Our third student blogger is 2L Amanda Lee. Amanda works on Financial Distress Research Project, creating a legal brief on small claims debt collection cases for judges to use in the proceedings. In this post Amanda talks about why she got involved in this project, what she learned when she did, and how law works in “the real world” for pro se litigants.
From Amanda:
From Theoretical Lectures to Field Research
I first became involved in the Financial Distress Research Project (FDRP) in the spring of my 1L year. After a semester of appellate cases, Socratic method, and theoretical discussions, I longed to work on a project that could let me make a real impact on individuals and their access to the courts. With all the complexities of civil procedure, how anyone could navigate the justice system without a lawyer (or a team of lawyers!) was beyond me. What was it like in the real world? And what would you do if you were pro se?
These questions and the work of FDRP eventually led me to the Small Claims Court in Manchester, CT. What I observed there was that pro se litigation is sometimes the only viable option and that the complex rules and regulations designed to create fair notice and opportunity are often missing. On my visit to the courthouse with another FDRP member, I saw that pro se litigants rarely contested their debt even though they could not even figure out where the debt was from. Lawyers from debt collection law firms had little documentation of debt owed, save what looked like Excel-sheet printouts of numbers. As I later learned, federal agencies including the Federal Trade Commission (FTC), Consumer Financial Protection Bureau (CFPB), and Office of the Comptroller of the Currency (OCC) had initiated multiple enforcement actions or investigations against banks and debt purchasers for improper collection practices. Banks would, among other things, sell debts to buyers with improper debt information, with altered and inaccurate form affidavits, and without giving consumers notification of their debt sale. Buyers then pursued unenforceable accounts, used the inaccurate affidavits, and tried to collect on accounts for which the sole verification of debts consisted of easily-modified text files. The FTC, CFPB, and OCC actions resulted in millions in civil sanctions. Yet these practices continue. In the Manchester small claims court, they flourished.

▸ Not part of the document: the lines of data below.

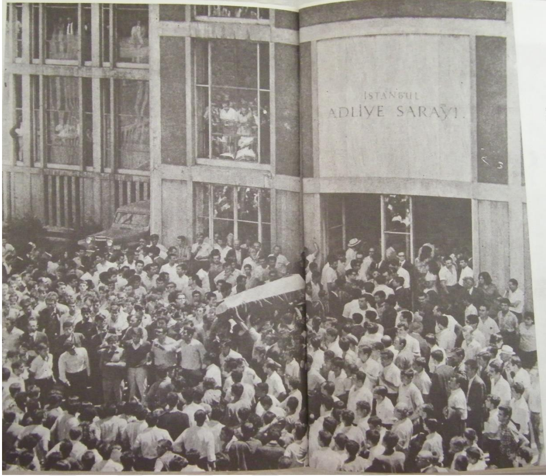
EK 7: Polis tarafından öldürülen Vedat Demirciođlu'nun sembolik cenaze töreninde Deniz Gezmiş konuşma yaparken 413
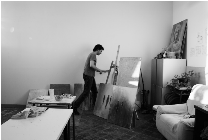
Interior d'un taller d'un artista resident de la línia de treball d'arts visuals i imatge, 2016. Autor: Roc Pont. Roca Umbert Fàbrica de les Arts.

Ponències Revista del Centre d'Estudis de Granollers, 22 (2018), 7-38
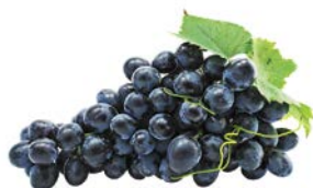
ВИНОГРАД ЧЕРНЫЙ, 1кг
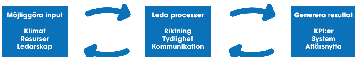
Figur 1, ett systematiskt förhållningssätt till innovation
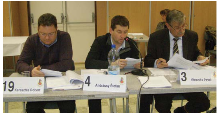
A javasoló bizottság

Ezt követően városunk polgármestere és az alpolgármester beszámolt a képviselőknek a második félévben kifejtett tevékenységéről, majd a számvevőszék által végzett ellenőrzésről elhangzott tájékoztatót követően az önkormányzat jóváhagyta a 12/2015-ös számú, a helyi adókról szóló általánosan kötelező érvényű városi rendeletet (a helyi adókról másutt írunk). Az oktatási törvény módosításából adódóan szükségessé vált az iskolaköteles gyerekek beíratásának helyéről és idejéről szóló városi rendelet elfogadása. Így a 13/2015-ös számú rendelet értelmében az alapiskolai beíratásra április
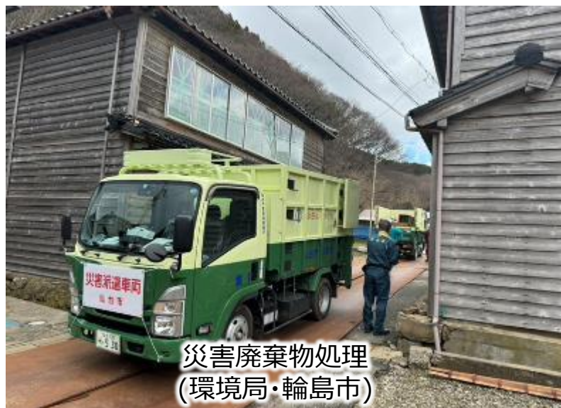
災害廃棄物処理 (環境局・輪島市)
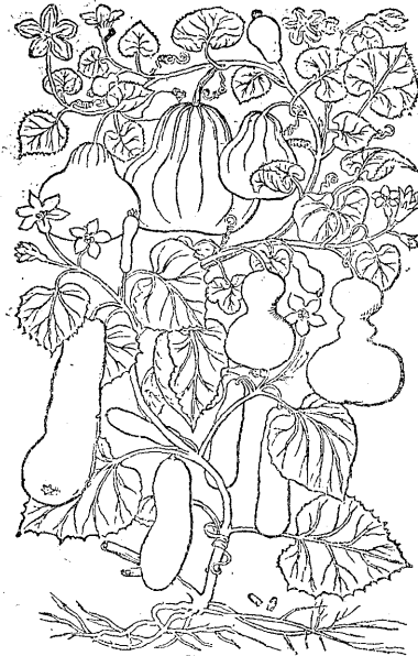
第 2 圖

Syn. Cucurbita lagenaria minor TABERNÆMONTANI
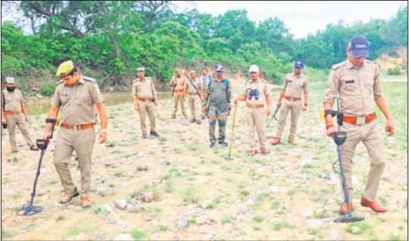
कॉर्बेट पार्क में शनिवार को गश्त करते विभागीय अधिकारी और कर्मचारी।

निदेशक ने बताया कि खासतौर पर कॉर्बेट पार्क की दक्षिणी सीमा, जो उत्तर प्रदेश से लगती है, वहां लगातार ई-सर्विलांस सिस्टम, ड्रोन कैमरों और आधुनिक उपकरणों
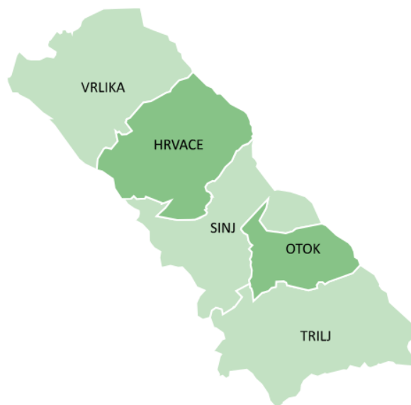
Slika 1. Prostorni smještaj Cetinske krajine
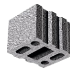
L x B x H in cm: 24,7 x 30,0 x 23,8 10 DF
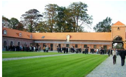
Les invités vont visiter ce bijou
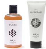
PAKET 13 HUDVÅRD ORIGINAL 1 x 300 ml Duschkräm 1 x 100 ml Hudkräm
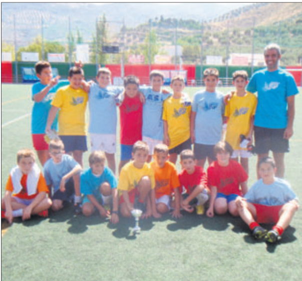
Torneo de fútbol 7.
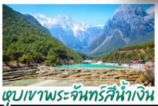
ภูเขาพระจันทร์สีน้ำเงิน
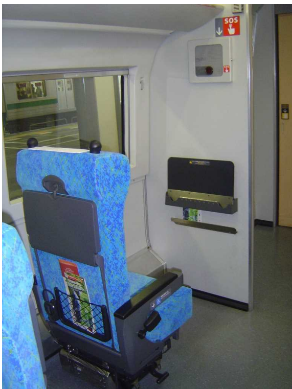
J R東日本253系1000代の 車いす対応座席付近の非常通報器 取付位置が高く車いすの人は手が届かない
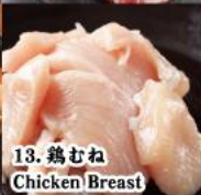
13. 鶏むね Chicken Breast
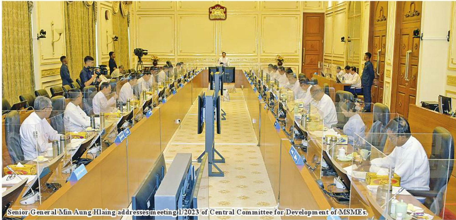
Senior General Min Aung Hlaing addresses meeting 1/2023 of Central Committee for Development of MSMEs.

At FDRP, I worked with a team of my peers to write a brief to educate the judiciary on the background and legal burden that plaintiff debt buyers must meet to successfully sue for debt. Though small claims court proceedings are not recorded and the rules of evidence don’t apply, the burden of proof remains unchanged and must be met by plaintiffs in any civil action. Judges have the power and responsibility to ensure that in their state courts, the legal standards are met to ensure a fair defense of defendants. After all, judicial enforcement of debt collection is a symbol of endorsement for the complex debt sales that banks, debt-purchasers, and debt collection law firms reap profit by. Working with other law students to do legal research and highlight case law that judges, as well as short-staffed legal aid organizations, can potentially use to ensure that consumers have access to justice was the highlight of my working with FDRP this past fall.